RLS works only for general users

The RLS restrictions are invalid for the user who created the CREATE TABLE and SUPER USER. Therefore, migration is executed by SUPER USER and the application is started by a general user. And so on.

Grant the necessary privileges to general users as follows.

GRANT SELECT, UPDATE, INSERT, DELETE ON ALL TABLES IN SCHEMA public TO PUBLIC;
GRANT SELECT, UPDATE ON ALL SEQUENCES IN SCHEMA public TO PUBLIC;

Be careful of UNIQUE constraints

UNIQUE constraint must be a composite index with tenant_id. (Since it is not visible from the application, validation does not need to be a compound condition)

Notes on INSERT

SELECT only sees the transparently constrained records, but when you do an INSERT you have to set the tenant_id yourself. (In the above implementation plan, it is automatically entered using the base class ApplicationRecord of Model)

Migration notes

CREATE POLICY, which is required when adding a table, makes me want to do it by migration, but in that case it is not reflected in schema.rb, so db:reset/db:setup cannot be used. (db:migrate:reset is ok)

Demerit

This time, I have not actually operated with this implementation, but I will raise the possible disadvantages.

table bloats

RDB becomes difficult to handle when the number of records is huge. Even if the index is set, it doesn’t fit in the memory and it suddenly becomes heavy.

Therefore, we will consider using the partitioning (table division) function. There is a method called list partition that divides according to the value of the column, so you will use it.

Split the table for each tenant_id. I can think of such a strategy first, but it seems that it is generally not supposed to create more than 100 child tables in partitioning, and there are reports that there is a performance problem (I actually tried it Not there). This approach doesn’t seem very realistic.

The strategy seems to be to manually divide the data as the data increases. It’s troublesome.

Deleting tenants is a hassle

It seems to be difficult because I have to erase the records in all the tables.
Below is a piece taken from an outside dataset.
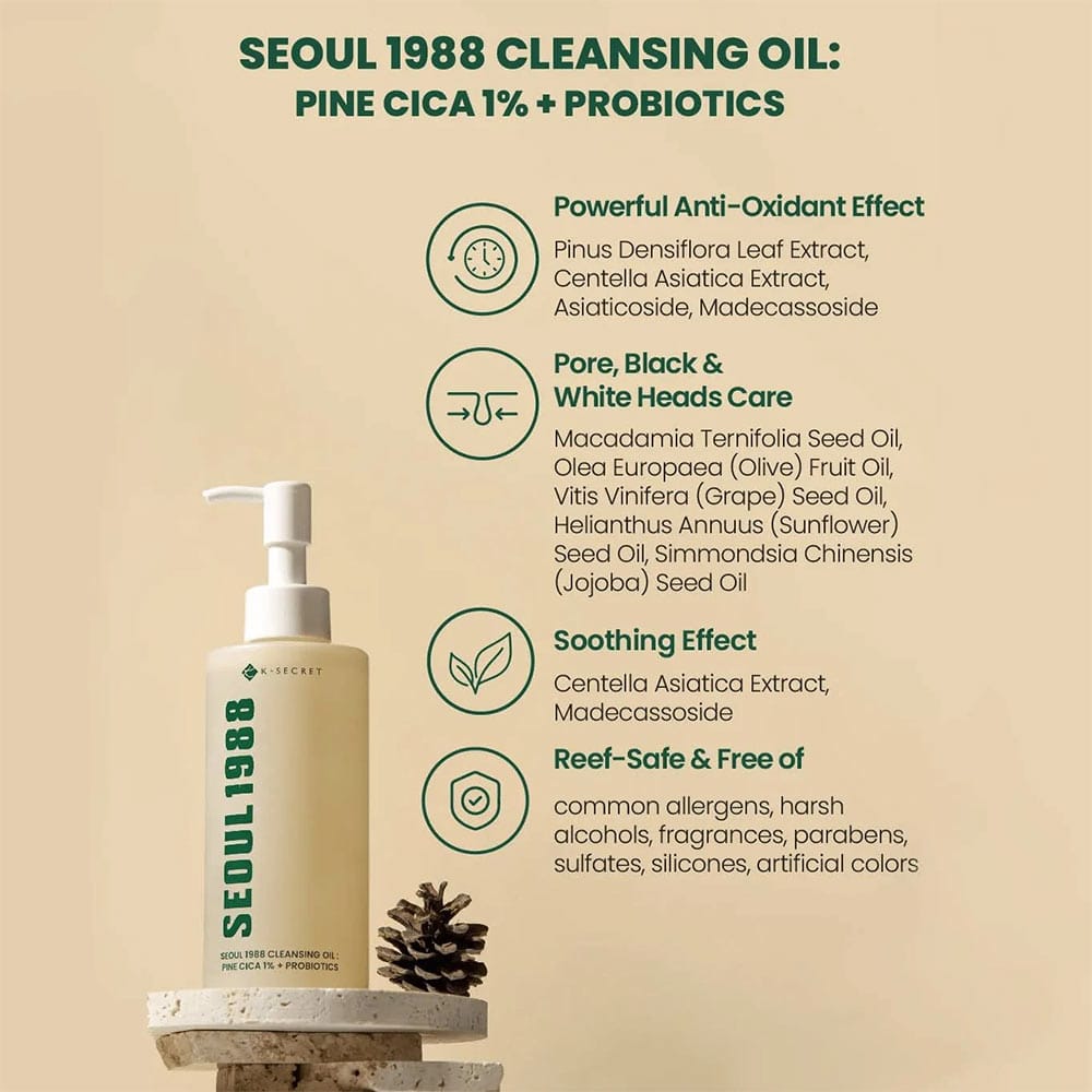آیا به دنبال محصولی هستید که آرایش و ناخالصیها را بهآرامی پاک کرده و پوست حساس را تسکین دهد؟ شوینده روغنی کی سکرت (KSECRET Seoul 1988 Cleansing Oil Pine Cica 1% + Probiotics)، محصول برند کرهای کی سکرت، با فرمول وگان حاوی ۱٪ کمپلکس پاین سیکا و پروبیوتیکها، آرایش ضدآب، سبوم اضافی، و آلودگیها را بهطور کامل پاک میکند. این روغن پاککننده کی سکرت با ۵ روغن گیاهی مغذی و بافت سبک، پوست را آبرسانی کرده و بدون انسداد منافذ، حس تازگی به آن میبخشد. فاقد عطر، پارابن، الکل، و تست حیوانی، این محصول برای انواع پوست، بهویژه حساس و مستعد آکنه، مناسب است. با شوینده روغنی کی سکرت، پوستی تمیز، نرم، و متعادل را تجربه کنید.

In the case of the multi-schema method, it was easy because you just deleted the schema.

Data migration from other environments is difficult

Although it is a SaaS type service, it is also offered on-premises. In that case, it seems to be difficult when you need to migrate data from on-premises to SaaS. This is because the id of each table changes. In the case of the multi-schema method, all you have to do is dump and restore.

RLS decided to put off

After all, the table is bloated. I could not dispel the concern.
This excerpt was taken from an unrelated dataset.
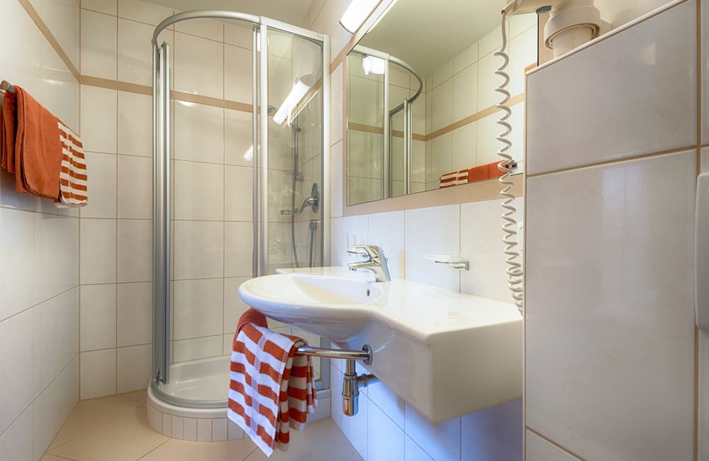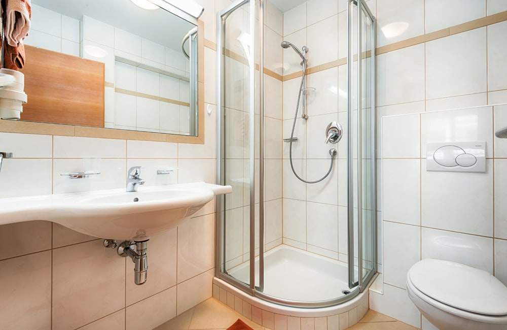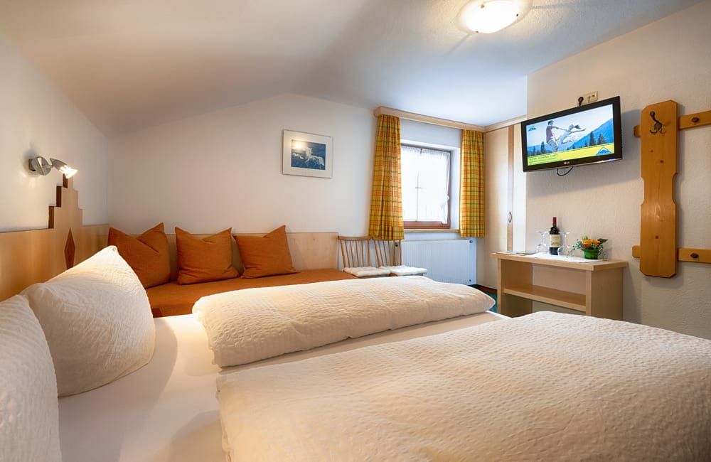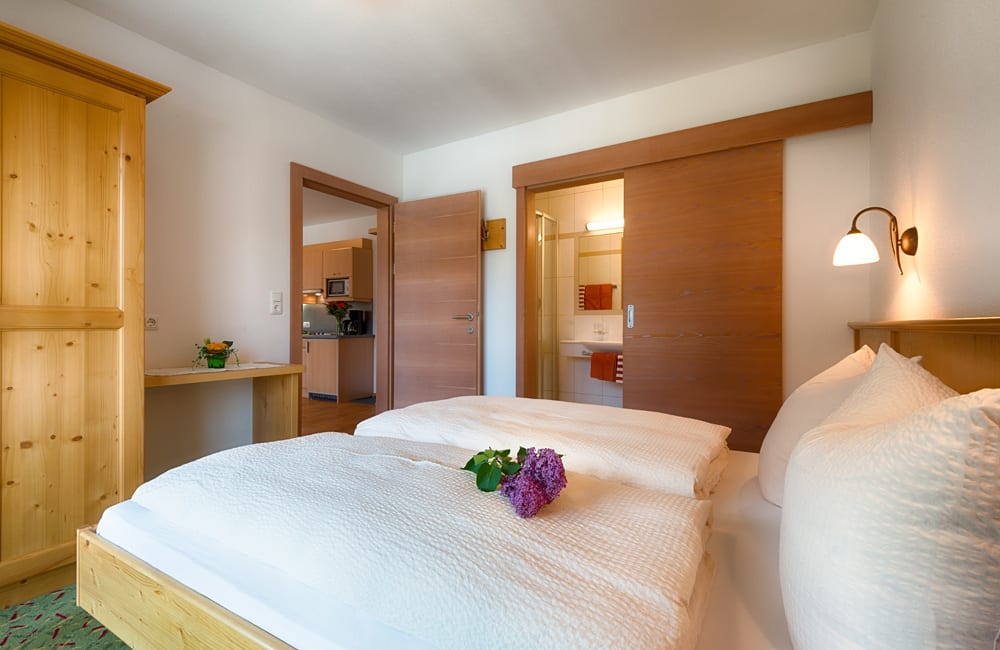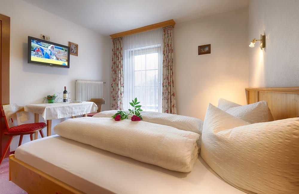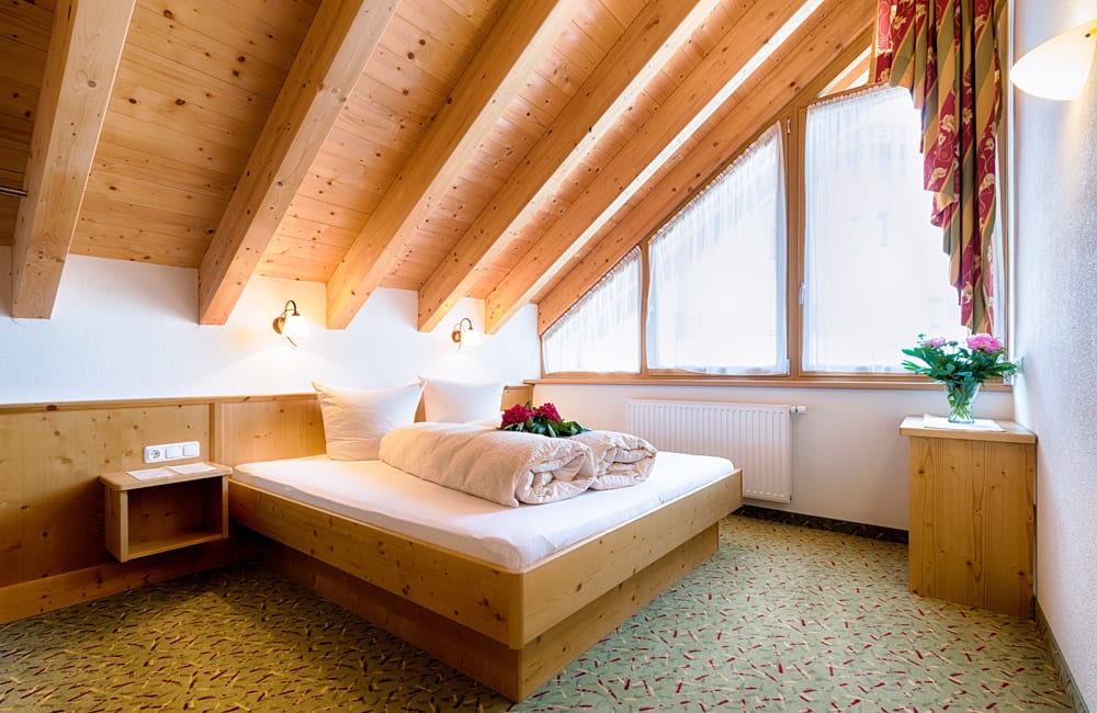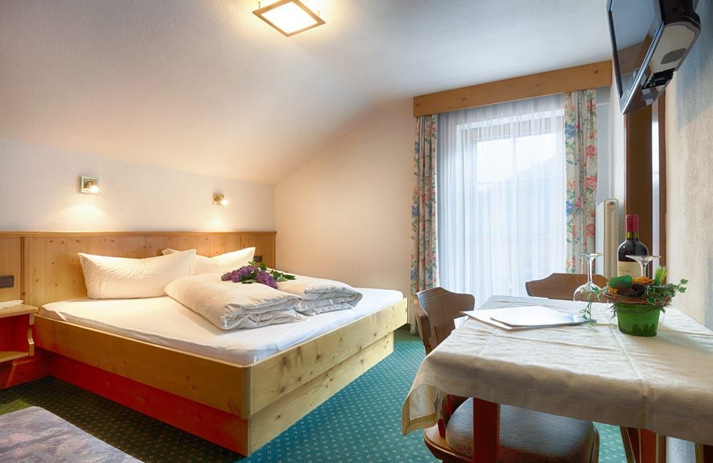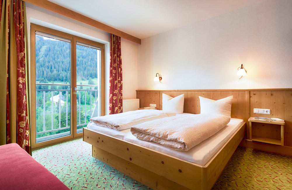 Helles Doppelzimmer im modernen Tiroler Stil und mit natürlichen Materialien ausgestattet. Warme Holzelemente und viel Liebe zum Detail sorgen für eine behagliche Atmosphäre. Vom Südbalkon aus genießen Sie einen herrlichen Ausblick auf die beeindruckende Bergkulisse – perfekt für einen erholsamen Urlaub.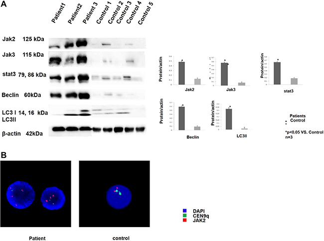Figure 1: T-ALL patients showed JAK-STAT pathway activity and up-regulated autophagy. (A) The peripheral blood mononuclear cells were collected from 3 T-ALL patients and 5 healthy controls. The cells were lysed and analysed by western blotting. An increase in the JAK-stat pathway-related proteins was observed in all 3 of the patients compared to the healthy controls as shown in the 3 upper lanes. The expression of the autophagy-related proteins was also increased in all 3 of the patients compared to the healthy control as shown in the 2 middle lanes. All of the samples were normalized to β-actin (bottom lane) Bands of western blotting were quantified by densitometry with Scion Image software (Image J 1.48u). We used the LC3B-II/loading control ratio rather than the LC3B II/LC3B-I ratio for qualifcation of LC3-II expression levels according to a newly published guideline. All the results were analysed using SPSS11.0. The graphs were listed respectively. (B) Representative picture of the FISH analysis. The patient samples that possessed a JAK2 copy gain (red dots) are shown on the left, and the control sample that possessed a normal JAK2 copy number (red dots) is shown on the right. All of the samples were also analysed with the CEN9q probe as an internal reference (green dots). The nuclei were all counter-stained with DAPI (blue).

Migrating with the multi-schema method is a problem only at the time of deployment, and I feel that it is far better than daily performance.

There is almost no problem with the migration if the number of tenants is about several hundreds, so depending on the assumption of the number of tenants, it may be possible to use the multi-schema method at the startup stage. I thought.

Apartment has a function that can change the DB server depending on the tenant, etc., and this is more secure in terms of performance.

Other solutions

Citus https://www.citusdata.com/

An extension of PostgreSQL that makes multi-tenant feel nice.

It’s OSS, so you can install it on EC2, but you can’t use it on RDS…

From 2016, it seems that there was a service called Citus Cloud that provides managed services on AWS.

However, Microsoft acquired Citus in 2019. Citus Cloud is over. It seems that it can be used on Azure instead. Ah”~

AWS is a must, so it’s tough…

Apartment development is stagnant

Okay, I’ll be going to Apartment again! So I tried to use it in a new project (Rails 6), but it didn’t work and that was it.I think it’s a major gem, but it’s still not compatible with Rails 6 at this point (July 2020).

There is an actively maintained Fork version, so it seems to be okay if you use this for the time being.